I’m guessing that this older male colleague doesn’t seek out his younger male colleagues, compliment them, ask them out for a drink, and make comments on their ID pass photo.
You are in a difficult position because this is the workplace and you can’t easily tell a bothersome older male colleague to leave you alone.
This colleague shows signs of being more than just slightly bothersome though. The latest incident - in which he clearly made a thinly-veiled accusation of lying - shows that he is not a decent man. The comment he made about you in front of another colleague shows that he will seek to undermine you and trash your reputation given a chance.
I think you need to be on your guard. Women who live alone often find themselves targeted for unwanted attention by a male neighbour who feels entitled to their time and attention. There’s plenty of threads on here with examples. Those kinds of men are likely to do the same in the workplace.
Don’t spend any time alone with him. I’d be surprised if him suddenly appearing when you were alone and on your way to your office was actually a coincidence.

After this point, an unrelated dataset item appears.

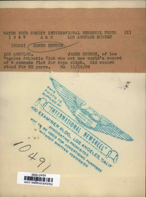 1929 Press Photo James Burton LA Athletic Club 6 second rope climb record

If your employer has HR policies on workplace behaviour, familiarise yourself with them. Make a written note of every interaction he has with you, so that you’ve got a record in case he decides to punish your lack of interest in him by making an unfounded complaint against you. If you’ve got a confidential employee support service in your workplace, get in touch with them. Hopefully he’ll leave you alone, but at some point you may need to have a confidential word with your line manager or trade union rep if you have one. If you’re not a member of a union, I’d suggest joining one now in case this escalates in the future.
There’s been quite a few “you’re making a fuss about nothing” comments on this thread. There have also been several posters pointing out the red flags. Your sense of confusion and discomfort with his behaviour, which is why you posted, is because of those red flags. He is pursuing you, and using “plausible deniability” tactics in the way he’s approaching his pursuit of you, so that people will side with him rather than you if this escalates / goes ‘public’ in the future.
And if anyone says “aww, he’s just being friendly, you’re being mean/ precious / whatever OP”, I refer back to my first para. Is he behaving in this way to younger male colleagues? I very much doubt it.